Now, on to employees. Being as our business will deal with concrete, and to have a decent project completion time, we would be looking to take on 2-5 additional employees, aside from my Father and I (both being Managing-Members). How do the majority of you manage Payroll, Accounts Rec/Payable, etc?? I was thinking to use QuickBooks for the early-stages of the business, and shoot from there.

I may have some more questions later on, so thank you for your patience and response.

-Steven


----------



## tedanderson (May 19, 2010)

Everything you are thinking about is good but the first thing that I would focus on is having all of the necessary insurances, bonding, and licensing. 

I personally like operating under a DBA to manage anonymous complaints and frivolous lawsuits. That way the people who actually do business with me know how to find me if they have a problem. Anyone else who goes after me as a matter of mistaken identity or looking for an easy payday, it's going to take some work to locate the proprietor (me). By that time I know who they are and I can check my records to see if they were actually a customer of mine or not.


----------



## mikeswoods (Oct 11, 2008)

Before you speak to an attourny --I would speak to a good accountant.

The accountant will guide you to the best choice,tax wise, to structure the business--
The accountant will also know how to handle the employee taxes and workmans comp.

If you choose well--they will also know of insurance companies,lawyers and other resources.

Just a thought-----


----------



## Spencer (Jul 6, 2005)

Good call of starting out as an LLC. I didn't my first year and its going to cost me quite a bit of extra coin to the tax man. 

If you form an LLC. The best option for me is to form an LLC and file as an S-Corp. This allows you to have the tax advantage of an S-Corp with the annoying extra paperwork of a formal S-Corp.

By going the LLC/Scorp route you can pay yourself a "normal" salary and then pay yourself a distribution at the end of the year that is not taxed FICA and maybe some other stuff. It saves a good 10% that doesn't have to go to the tax man.

I've got a meeting on Monday to start looking into getting mine setup for the coming year.


----------



## Spencer (Jul 6, 2005)

gb-const said:


> Now, on to employees. Being as our business will deal with concrete, and to have a decent project completion time, we would be looking to take on 2-5 additional employees, aside from my Father and I (both being Managing-Members). How do the majority of you manage Payroll, Accounts Rec/Payable, etc?? I was thinking to use QuickBooks for the early-stages of the business, and shoot from there.
> 
> 
> 
> -Steven


Quickbooks has been huge to running my business successfuly. I can not say enough about it. I use quickbooks pro. 

The other part of quickbooks is getting it setup right before you start plugging numbers in. You will probably want to have an accountant set yours up. I bought a template online from a guy who was a former contractor turned accountant. It was worth every penny and it has helped tremendously. There is a learning curve but once you get it down it is extremely valuable.

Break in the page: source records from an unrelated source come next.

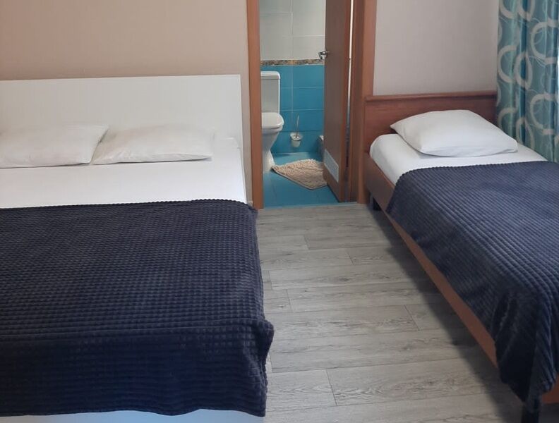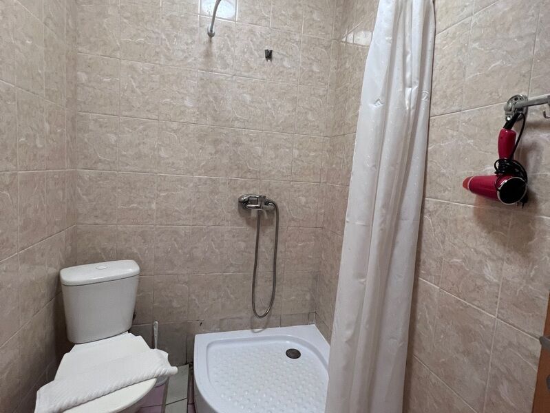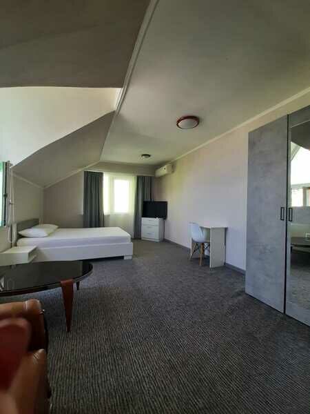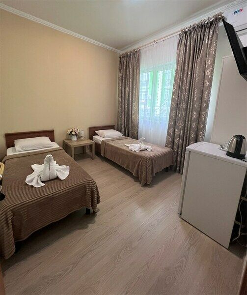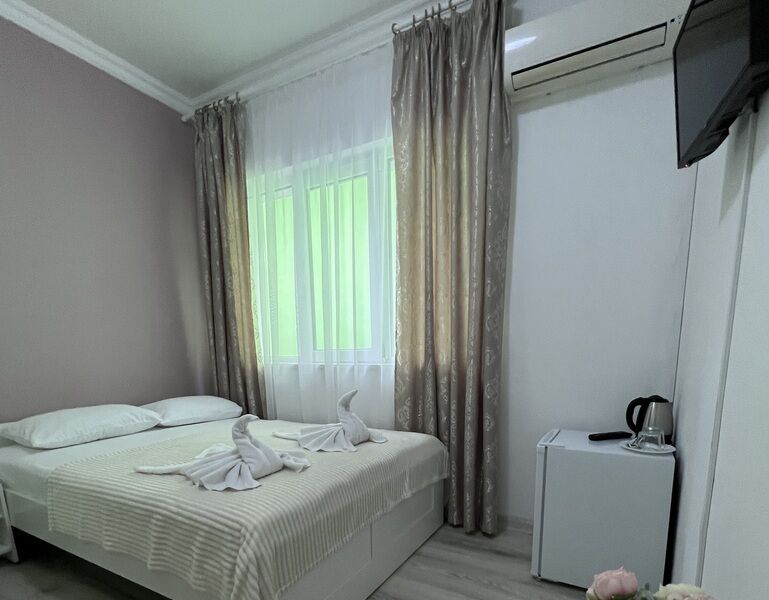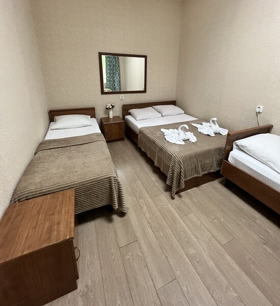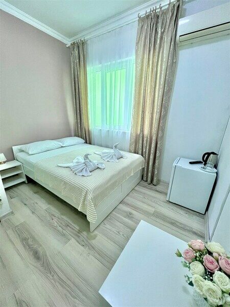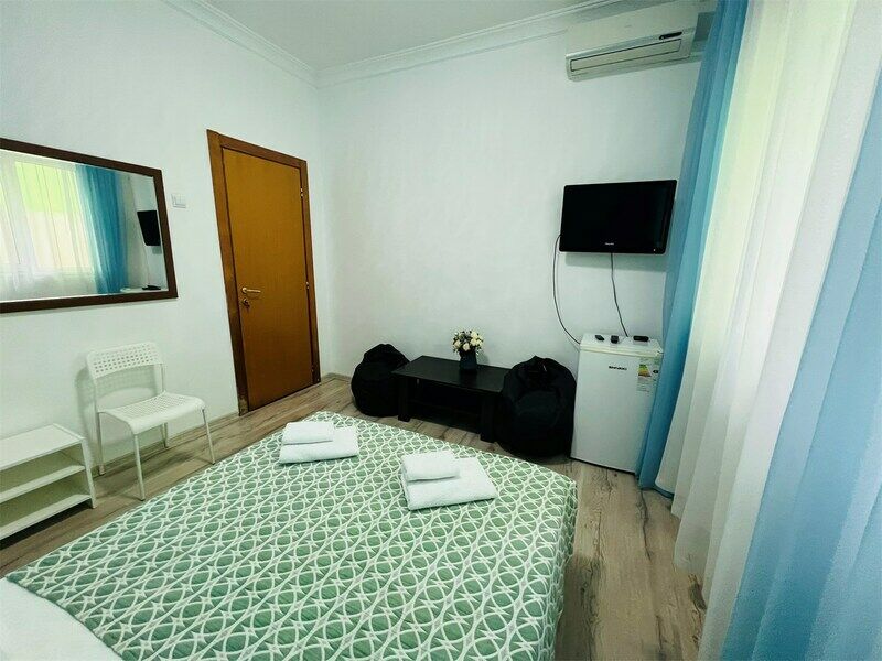 Дом находится на второй береговой линии всего в паре сотен метров от моря. К услугам гостей номера разных категорий: есть эконом варианты с общим санузлом, а есть апартаменты с собственной мини-кухней. В комнатах имеются кондиционер, небольшой холодильник и плазменный телевизор, на этаже — гладильные принадлежности.
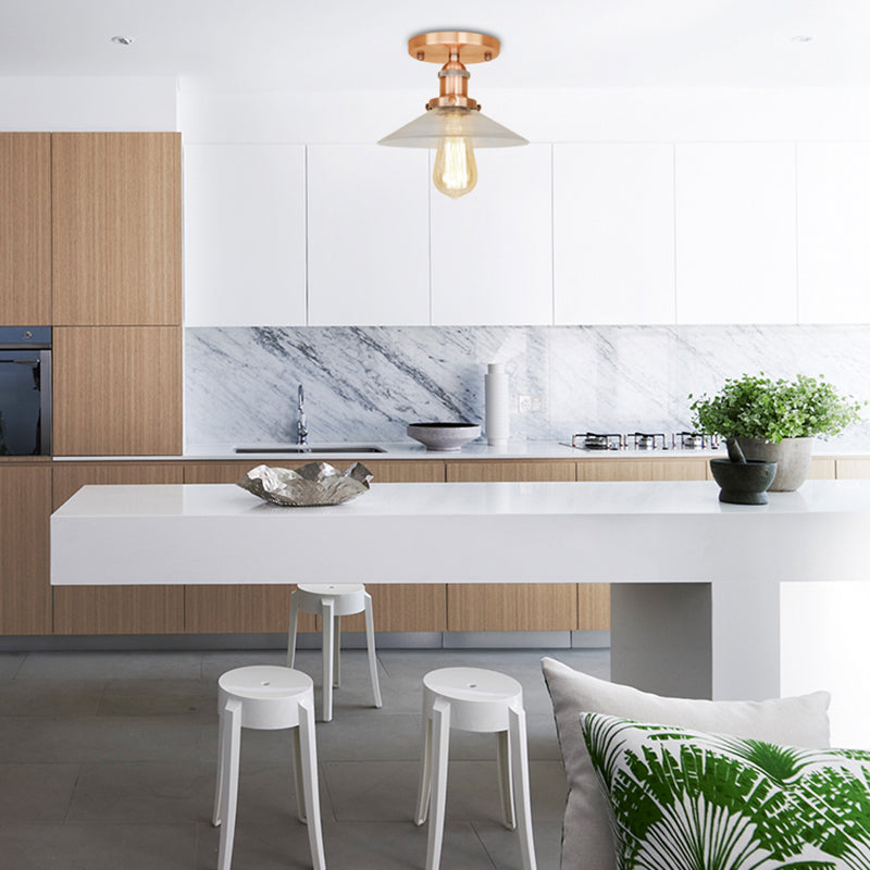 This stunning "Saucer Frosted Glass Semi Flush Lighting Vintage 1 Bulb Kitchen Light Fixture in Black/Brass/Copper" is a perfect addition to your home. Ideal for any style kitchen, entryway, or hallway, this beautiful light fixture will brighten up your indoor living space with its vintage style and design.
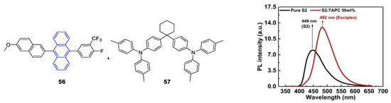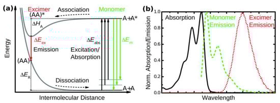 - Vollbrecht, J. Excimers in organic electronics. New J. Chem. 2018, 42, 11249–11254. [Google Scholar] [CrossRef]

Cost is $150 for the template.

http://www.powertoolssoftware.com/index.html


----------



## JBM (Mar 31, 2011)

We use a payroll company and would never be without it. It integrates into quickbooks. Down south employee leasing is popular I think, it simply adds comp to your payroll but you pay the company the entire amount.


----------



## gb-const (Nov 16, 2014)

tedanderson said:


> Everything you are thinking about is good but the first thing that I would focus on is having all of the necessary insurances, bonding, and licensing.
> 
> I personally like operating under a DBA to manage anonymous complaints and frivolous lawsuits. That way the people who actually do business with me know how to find me if they have a problem. Anyone else who goes after me as a matter of mistaken identity or looking for an easy payday, it's going to take some work to locate the proprietor (me). By that time I know who they are and I can check my records to see if they were actually a customer of mine or not.

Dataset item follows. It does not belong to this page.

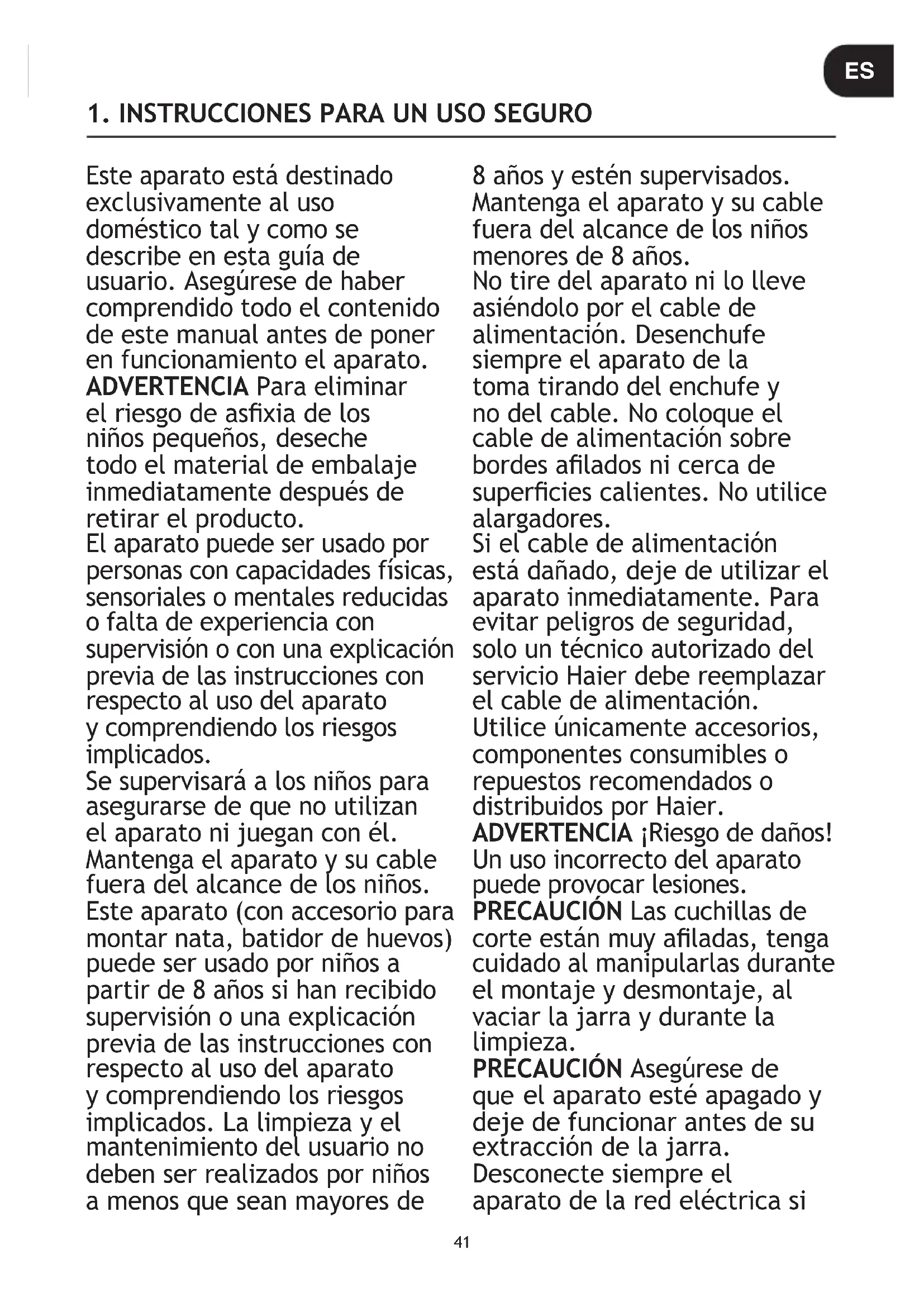 funcionamento. Espere até que a unidade arrefeça completamente antes de voltar a ser utilizada.41 Este aparato está destinado exc lusivamente al uso doméstico tal y como se describe en esta guía de usuario. Asegúrese de haber comprendido todo el contenido de este manual antes de poner en funcionamiento el aparato. ADVERTENCIA Para eliminar el riesgo de asxia de los niños pequeños, deseche todo el material de embalaje inmediatamente después de retirar el producto. El aparato puede ser usado por personas con capacidades físicas, sensoriales o mentales reducidas o falta de experiencia con supervisión o con una explicación previa de las instrucciones con respecto al uso del aparato y comprendiendo los riesgos implicados. Se supervisará a los niños para asegurarse de que no utilizan el aparato ni juegan con él. Mantenga el aparato y su cable fuera del alcance de los niños. Este aparato (con accesorio para montar nata, batidor de huevos) puede ser usado por niños a partir de 8 años si han recibido supervisión o una explicación previa de las instrucciones con respecto al uso del aparato y comprendiendo los riesgos implicados. La limpieza y el mantenimiento del usuario no deben ser realizados por niños a menos que sean mayores de 8 años y estén supervisados. Mantenga el aparato y su cable fuera del alcance de los niños menores de 8 años. No tire del aparato ni lo lleve asiéndolo por el cable de alimentación. Desenchufe siempre el aparato de la toma tirando del enchufe y no del cable. No coloque el cable de alimentación sobre bordes alados ni cerca de supercies calientes. No utilice alargadores. Si el cable de alimentación está dañado, deje de utilizar el aparato inmediatamente. Para evitar peligros de seguridad, solo un técnico autorizado del servicio Haier debe reemplazar el cable de alimentación. Utilice únicamente accesorios, componentes consumibles o repuestos recomendados o distribuidos por Haier. ADVERTENCIA ¡Riesgo de daños! Un uso incorrecto del aparato puede provocar lesiones. PRECAUCIÓN Las cuchillas de corte están muy aladas, tenga cuidado al manipularlas durante el montaje y desmontaje, al vaciar la jarra y durante la limpieza. PRECAUCIÓN Asegúrese de que el aparato esté apagado y deje de funcionar antes de su extracción de la jarra. Desconecte siempre el aparato de la red eléctrica si

This was exactly my thinking. Going the LLc route, electing to be taxed as an S-Corp. I wouldn't want to be in a HIGH tax-bracket as a Sole-Proprietor, and the idea of double-taxation of a C-Corp doesn't appeal to me. 


mikeswoods said:


> Before you speak to an attourny --I would speak to a good accountant.
> 
> The accountant will guide you to the best choice,tax wise, to structure the business--
> The accountant will also know how to handle the employee taxes and workmans comp.
> ...


Right on. How do most of you find your accountant? Do you take them on to the Business, or just a 3rd Party resource?


Thank you.


----------



## mikeswoods (Oct 11, 2008)

Unless you really like book keeping---the small monthly charges are usually less that the cost of the mistakes you might make---

Do you know any small businesses? A local store or some such? Have a chat with the owner--ask who he knows---if you join an association,like the chamber of commerce or a builders group like NARI the members will have numerous recommendations.


----------



## gb-const (Nov 16, 2014)

JBM said:


> We use a payroll company and would never be without it. It integrates into quickbooks. Down south employee leasing is popular I think, it simply adds comp to your payroll but you pay the company the entire amount.

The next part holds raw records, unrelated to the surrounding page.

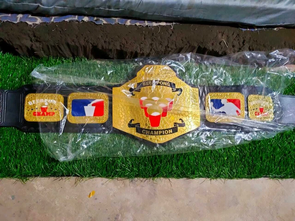 Welcome to our shop ------------------------------------------- We are specialist in manufacturing handmade products:: Our wide range of products include: >>>>Championship Belts WWE | WWF | AEW | UFC | WBC | WCW Product Description *** BEER PONG CHAMPIONSHIP BELT BLACK LEATHER STRAP ADULT SIZE *** Plate Metal: Brass (Zinc available on request with additional cost) Strap: 100% Leather Largest Waist Size: Fits upto 46'' Belt Length: ~50" Weight: 6.17 lbs | 2.81 Kg Plate Thickness: 2mm (4mm Version available on demand with additional cost) ::The belt is well crafted and manufactured to meet the quality demands of fans:: Get your hands on this marvelous piece now! Note: If you need further details kindly inbox us, we will try to be as responsive as possible. ------------------------------------------- Return Policy: Generally we don't have much complains on our products and we make sure to 100% satisfy our clients. We send the product in well Bubble Wrapped packaging so there is highly unlike chance of getting damaged item. In case there is a damage, we will try to give partial refund or you can ask for full refund within 30 days after returning the belt to origin. NOTE: 1. If you have placed the order by mistake or you have purchased a wrong item then we are not going to refund that. 2. Buyer will pay the shipping fee of returning the belt. ------------------------------------------- Happy Shopping! :)
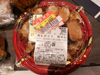 半額シールでお弁当が199円でした。(菓子パンとかも50円ぐらい)
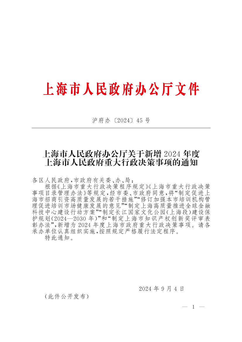 ??根據(jù)《上海市重大行政決策程序規(guī)定》《上海市重大行政決策事項目錄管理辦法》等規(guī)定,經(jīng)市委、市政府同意,將“制定促進上海市招商引資高質量發(fā)展的若干措施”“修訂加強本市培訓機構管理促進培訓市場健康發(fā)展的意見”“制定上海高質量推進全球金融科技中心建設行動方案”“制定長江國家文化公園(上海段)建設保護規(guī)劃(2024—2030年)”和“制定上海市知識產(chǎn)權創(chuàng)新獎評審表彰辦法”,新增為2024年度上海市政府重大行政決策事項。請各承辦單位認真組織實施,按照規(guī)定嚴格履行法定程序。
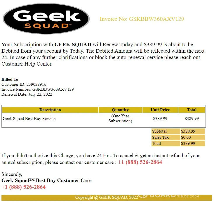 Yesterday, August 16, 2022, I received an email informing me that: "We send you this email to inform you that your servic with Geek squad has been renewed successfully. All details for your service are mentioned in this email. Out team is trying to contact you for this renewal but they didn't get any response from your side. so the service that you use earlier that renews automatically." The language here is a quote from the email I received. These are not my mistaken typos.

I had been looking to do something similar, although, a secondary entity which would "handle" my assets and the like. What is the added benefit, other than extra paperwork, for "leasing" employees? I am curious now.



mikeswoods said:


> Before you speak to an attourny --I would speak to a good accountant.
> 
> The accountant will guide you to the best choice,tax wise, to structure the business--
> The accountant will also know how to handle the employee taxes and workmans comp.
> ...


Will do, I now have a meeting scheduled with a firm tomorrow afternoon. I will post my findings.



Spencer said:


> Quickbooks has been huge to running my business successfuly. I can not say enough about it. I use quickbooks pro.
> 
> The other part of quickbooks is getting it setup right before you start plugging numbers in. You will probably want to have an accountant set yours up. I bought a template online from a guy who was a former contractor turned accountant. It was worth every penny and it has helped tremendously. There is a learning curve but once you get it down it is extremely valuable.
> 
> ...


Do you have an accountant who has access to your information online? I have no experience with QB, so I don't know what to expect, but I do expect to be able to handle my invoices and manage finances.. or at least try to get it right. I don't know the first thing when it comes to dealing with business taxes, all I know is what I have read.


----------



## JBM (Mar 31, 2011)

gb-const said:


> I had been looking to do something similar, although, a secondary entity which would "handle" my assets and the like. What is the added benefit, other than extra paperwork, for "leasing" employees? I am curious now.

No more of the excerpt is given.